Task goal –
The answer must be the lines from the one that holds "Řasený obojek, polovina 18. století" through the final line of the data, copied exactly, with no pictures.

[[ Input for this task, beginning ]]

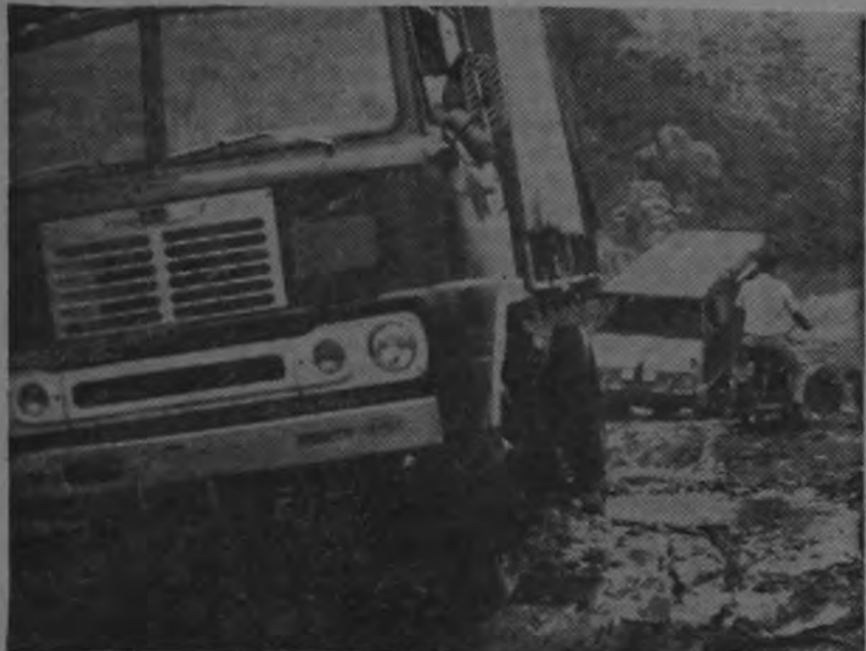
Este es uno de los muchos vados que se han formado por las inundaciones del año anterior. Los vehículos se ven forzados a ocupar doble tracción para cruzarlos.

tancia de cuarenta kilómetros tardan hasta seis horas y media y en muchos casos no llegan a su destino porque se atascan.
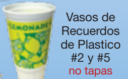
Vasos de Recuerdos de Plastico #2 y #5 no tapas

Coloque materiales reciclables sueltos y sin bolsa en su bote de reciclables.
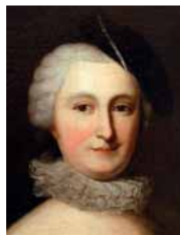
Řasený obojek, polovina 18. století
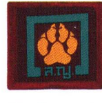
วิชานักสะกดรอย

[[ Input for this task, end ]]

Your response –
Řasený obojek, polovina 18. století
วิชานักสะกดรอย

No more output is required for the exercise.